No caso em questão, ambos os prazos foram flagrantemente desrespeitados. A inércia do poder público por quase uma década fulminou seu direito de aplicar qualquer sanção. A punição, embora finalmente proferida, nasceu nula, pois o direito de punir já havia se extinguido no tempo.
O Obstáculo Inesperado: A Decadência e a Importância da Estratégia Jurídica
Com base na evidente prescrição, a farmácia impetrou um Mandado de Segurança, um instrumento jurídico ágil para proteger direitos violados por atos ilegais de autoridades. Contudo, a primeira decisão judicial foi desfavorável, extinguindo o processo sem analisar o mérito. O motivo? Decadência.
O juiz entendeu que a farmácia perdeu o prazo de 120 dias para entrar com a ação, contando-o a partir da publicação da decisão final em 2025. Essa interpretação, embora comum, ignora a essência do problema: o ato ilegal não foi apenas a decisão de 2025, mas a omissão continuada que se arrastou por anos.
É aqui que a estratégia jurídica correta faz toda a diferença. A jurisprudência consolidada, inclusive do Supremo Tribunal Federal (STF), estabelece que, em casos de omissão continuada, o prazo de 120 dias não começa a correr. Ele se renova a cada dia em que a autoridade se mantém inerte.
Um acórdão do Tribunal Regional Federal da 1ª Região (TRF1), em um caso análogo, reforçou exatamente este ponto: a mora desarrazoada da Administração em concluir um procedimento é um ato omissivo continuado que impede o início do prazo decadencial.
A Virada no Jogo: Os Embargos de Declaração
Diante da sentença equivocada, o caminho foi opor Embargos de Declaração. Este recurso serviu para apontar a omissão do juiz: ele não analisou a tese de que a mora administrativa afastava a decadência. Ao focar apenas na data da decisão final, a sentença ignorou o principal fundamento do pedido.
O objetivo dos embargos é claro: fazer com que o Judiciário reconheça a natureza continuada da ilegalidade e, consequentemente, anule a decisão de extinção, permitindo que o processo continue e que o direito da farmácia seja, de fato, analisado.

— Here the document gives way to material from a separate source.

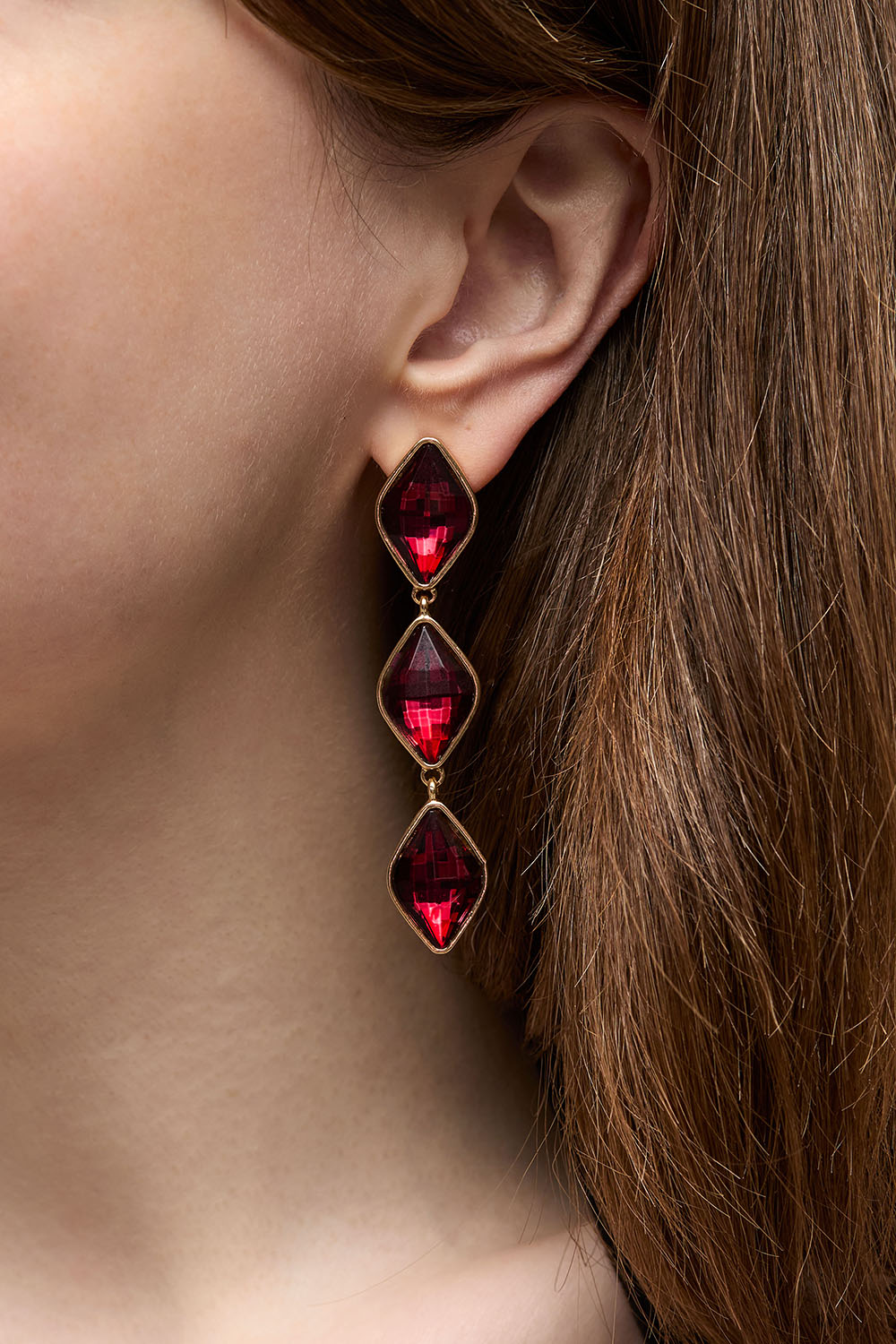 Øredobber i gullfarget metall med tre diamantformede hengende svarte glassteiner.

Lições para o Setor Farmacêutico
Este caso serve como um alerta e um guia para todas as farmácias credenciadas no Programa Farmácia Popular:
- A Administração tem prazos a cumprir: O poder de punir do Estado não é eterno. A prescrição é um direito do administrado e um limite à atuação estatal.
- A mora administrativa é ilegal: Uma suspensão “preventiva” não pode durar indefinidamente. A demora excessiva e injustificada para concluir um processo viola os princípios da eficiência e da razoável duração do processo.
- Cuidado com a decadência: O prazo de 120 dias do Mandado de Segurança é traiçoeiro. É fundamental argumentar corretamente que, em casos de omissão, esse prazo não se aplica da forma convencional.
- Busque assessoria especializada: Navegar pelas complexidades do direito administrativo exige conhecimento técnico e estratégico. Uma defesa bem fundamentada desde o início é o que diferencia uma vitória de uma extinção processual prematura.
A luta contra a inércia estatal é uma batalha pela segurança jurídica e pela justiça. Farmácias e empresas não podem ficar à mercê da lentidão da máquina pública, sofrendo prejuízos enquanto aguardam uma decisão que, quando chega, já não tem validade legal.